After formulating an experimental plan, we needed to have some datasets to run those experiments on. There are some requirements that classify a good dataset for this task: it must be non-trivial in size, needs to include a protective attribute (such as gender or race), and it must have some true ranking. While it is possible to find a datasets that satisfies two out of the three requirements, it becomes difficult to satisfy all of the requirements.
Encompassing a dataset from Rankit, list of Fifa 2018 players was added as a possibility. It contained 17981 players, has a protective attribute (age and nationality), and potentially has a true ranking. The true ranking can be based on goals scored, or money earned by the player. Some ranking data can also be found over this datasets, although it does not encompass all of the players.
Hospitals and doctors also have a significant amount of data, both attribute and entity-vise. However, finding a true ranking might prove to be impossible.
Taking into account the feedback received from the our mentors, we updated the section analyzing the outcome of the online user study.

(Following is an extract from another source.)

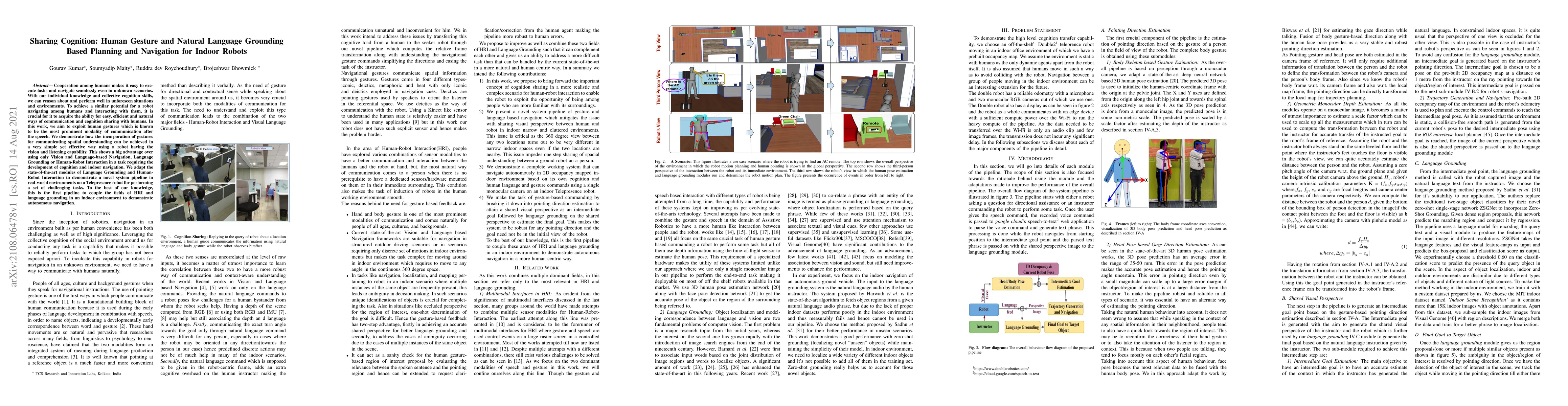 Cooperation among humans makes it easy to execute tasks and navigate seamlessly even in unknown scenarios. With our individual knowledge and collective cognition skills, we can reason about and perform well in unforeseen situations and environments. To achieve a similar potential for a robot navigating among humans and interacting with them, it is crucial for it to acquire the ability for easy, efficient and natural ways of communication and cognition sharing with humans. In this work, we aim to exploit human gestures which is known to be the most prominent modality of communication after the speech. We demonstrate how the incorporation of gestures for communicating spatial understanding can be achieved in a very simple yet effective way using a robot having the vision and listening capability. This shows a big advantage over using only Vision and Language-based Navigation, Language Grounding or Human-Robot Interaction in a task requiring the development of cognition and indoor navigation. We adapt the state-of-the-art modules of Language Grounding and Human-Robot Interaction to demonstrate a novel system pipeline in real-world environments on a Telepresence robot for performing a set of challenging tasks. To the best of our knowledge, this is the first pipeline to couple the fields of HRI and language grounding in an indoor environment to demonstrate autonomous navigation.

We updated the machine learning section to include more references and added more charts to the whole paper.
The team also discussed the next steps and observed new features to be implemented.
With the Rankit paper submitted, it was time for me to change gears and dive into the research with MaryAnn.
For me, this week revolved around getting up to speed with the fair ranking research. I read over the current in progress fair ranking paper and attended meetings where MaryAnn and Caitlin helped familiarize me with the code base and research that they've completed.